▶ Work request: Leaving out the pictures, write the following records exactly as they read.

START Available records

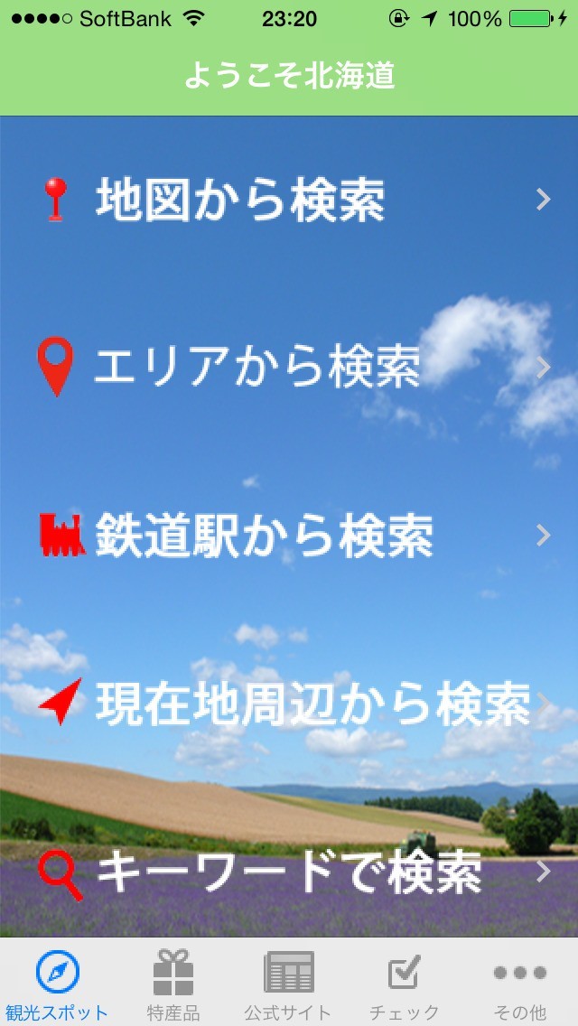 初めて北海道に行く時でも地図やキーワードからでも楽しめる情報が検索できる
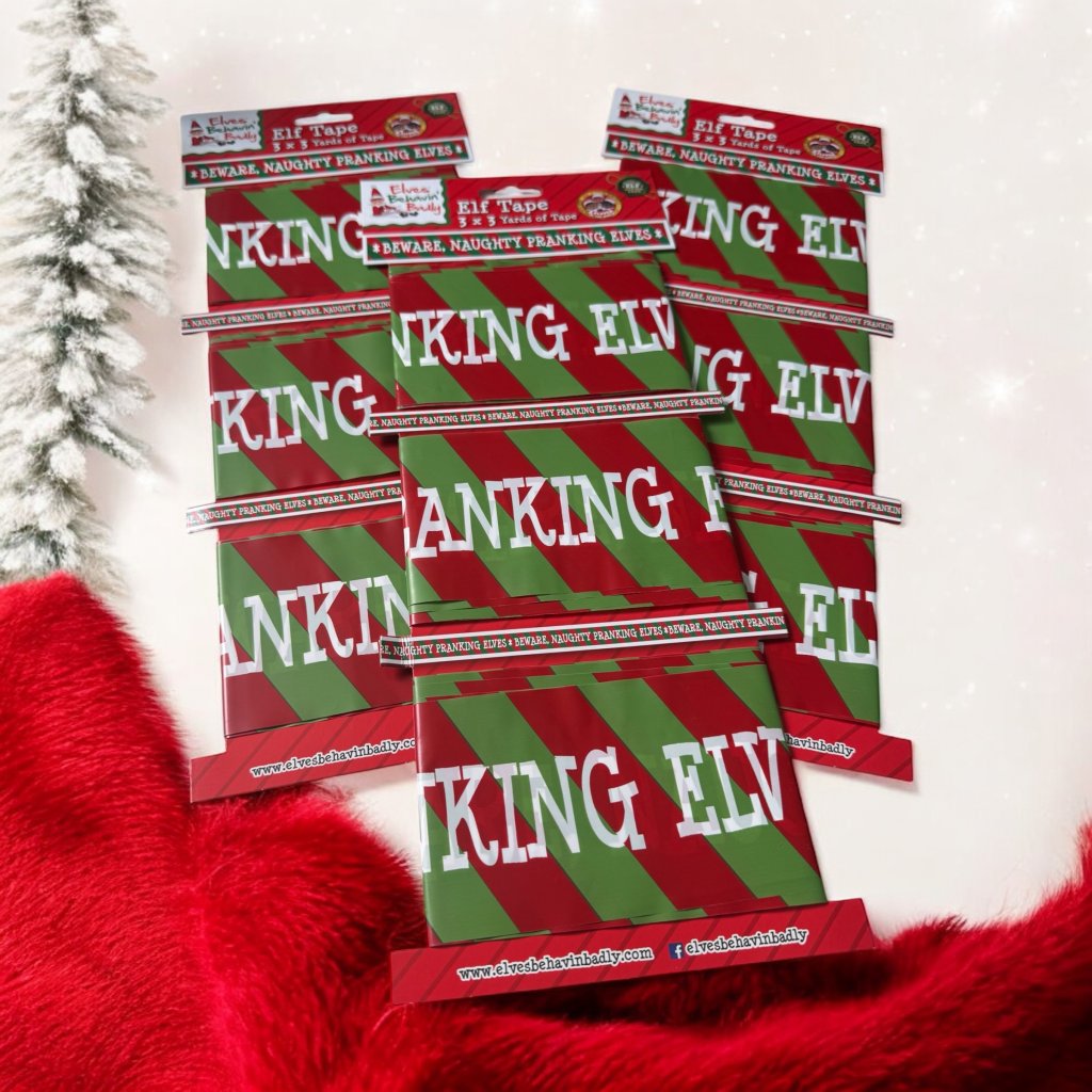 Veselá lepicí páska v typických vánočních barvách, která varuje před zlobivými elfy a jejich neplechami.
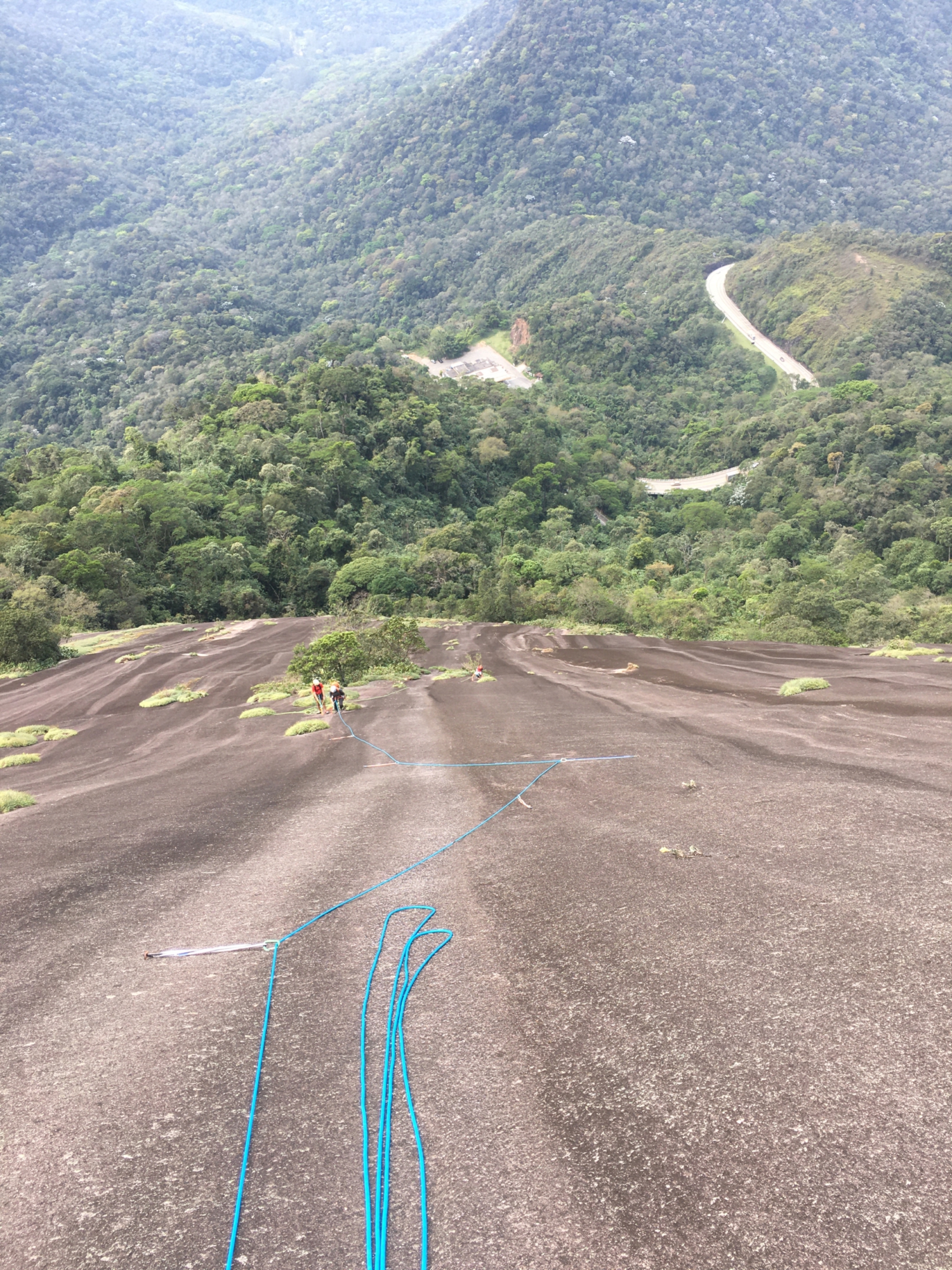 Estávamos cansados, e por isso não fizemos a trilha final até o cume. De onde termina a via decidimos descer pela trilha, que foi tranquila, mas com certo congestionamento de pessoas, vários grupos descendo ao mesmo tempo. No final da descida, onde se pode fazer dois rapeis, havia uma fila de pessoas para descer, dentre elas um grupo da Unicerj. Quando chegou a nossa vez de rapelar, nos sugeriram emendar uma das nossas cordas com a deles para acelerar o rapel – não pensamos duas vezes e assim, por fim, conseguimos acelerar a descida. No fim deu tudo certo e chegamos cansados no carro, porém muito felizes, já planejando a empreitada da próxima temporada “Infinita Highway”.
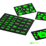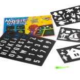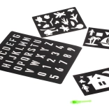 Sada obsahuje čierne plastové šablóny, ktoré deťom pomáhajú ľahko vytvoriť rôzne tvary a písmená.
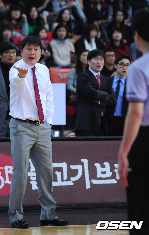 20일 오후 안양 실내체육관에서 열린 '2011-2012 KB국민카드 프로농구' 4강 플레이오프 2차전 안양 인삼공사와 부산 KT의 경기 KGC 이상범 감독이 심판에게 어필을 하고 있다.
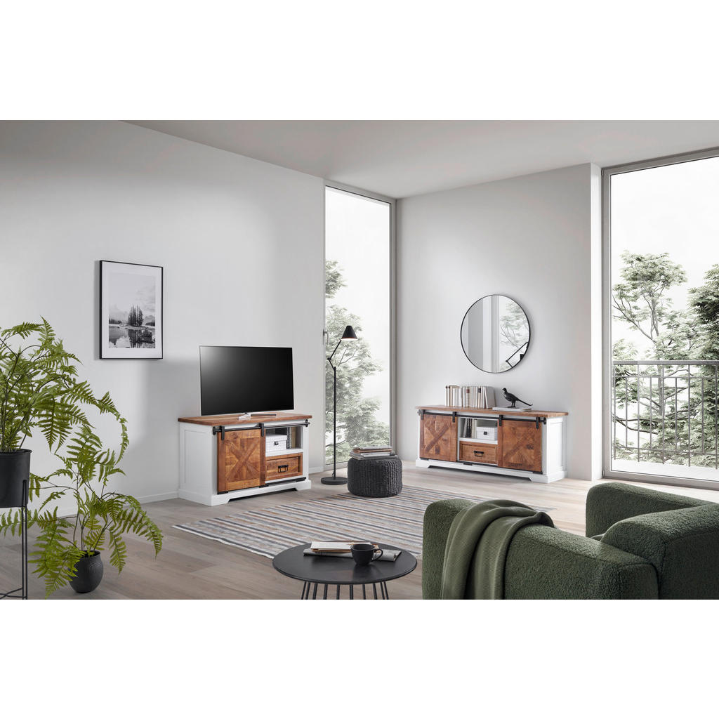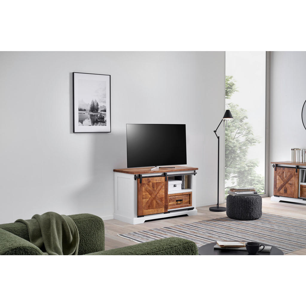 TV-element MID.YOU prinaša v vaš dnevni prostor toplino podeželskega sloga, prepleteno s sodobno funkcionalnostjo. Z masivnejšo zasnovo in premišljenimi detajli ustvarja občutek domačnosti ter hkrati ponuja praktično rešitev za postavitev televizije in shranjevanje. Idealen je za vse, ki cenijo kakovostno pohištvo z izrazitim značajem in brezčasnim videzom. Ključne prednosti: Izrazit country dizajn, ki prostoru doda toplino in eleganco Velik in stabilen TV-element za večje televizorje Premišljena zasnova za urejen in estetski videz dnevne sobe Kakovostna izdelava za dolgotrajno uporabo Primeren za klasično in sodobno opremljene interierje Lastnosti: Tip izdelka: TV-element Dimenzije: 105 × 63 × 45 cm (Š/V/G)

END Available records

▶ Exercise output:
 初めて北海道に行く時でも地図やキーワードからでも楽しめる情報が検索できる
 Veselá lepicí páska v typických vánočních barvách, která varuje před zlobivými elfy a jejich neplechami.
 Estávamos cansados, e por isso não fizemos a trilha final até o cume. De onde termina a via decidimos descer pela trilha, que foi tranquila, mas com certo congestionamento de pessoas, vários grupos descendo ao mesmo tempo. No final da descida, onde se pode fazer dois rapeis, havia uma fila de pessoas para descer, dentre elas um grupo da Unicerj. Quando chegou a nossa vez de rapelar, nos sugeriram emendar uma das nossas cordas com a deles para acelerar o rapel – não pensamos duas vezes e assim, por fim, conseguimos acelerar a descida. No fim deu tudo certo e chegamos cansados no carro, porém muito felizes, já planejando a empreitada da próxima temporada “Infinita Highway”.
 Sada obsahuje čierne plastové šablóny, ktoré deťom pomáhajú ľahko vytvoriť rôzne tvary a písmená.
 20일 오후 안양 실내체육관에서 열린 '2011-2012 KB국민카드 프로농구' 4강 플레이오프 2차전 안양 인삼공사와 부산 KT의 경기 KGC 이상범 감독이 심판에게 어필을 하고 있다.
 TV-element MID.YOU prinaša v vaš dnevni prostor toplino podeželskega sloga, prepleteno s sodobno funkcionalnostjo. Z masivnejšo zasnovo in premišljenimi detajli ustvarja občutek domačnosti ter hkrati ponuja praktično rešitev za postavitev televizije in shranjevanje. Idealen je za vse, ki cenijo kakovostno pohištvo z izrazitim značajem in brezčasnim videzom. Ključne prednosti: Izrazit country dizajn, ki prostoru doda toplino in eleganco Velik in stabilen TV-element za večje televizorje Premišljena zasnova za urejen in estetski videz dnevne sobe Kakovostna izdelava za dolgotrajno uporabo Primeren za klasično in sodobno opremljene interierje Lastnosti: Tip izdelka: TV-element Dimenzije: 105 × 63 × 45 cm (Š/V/G)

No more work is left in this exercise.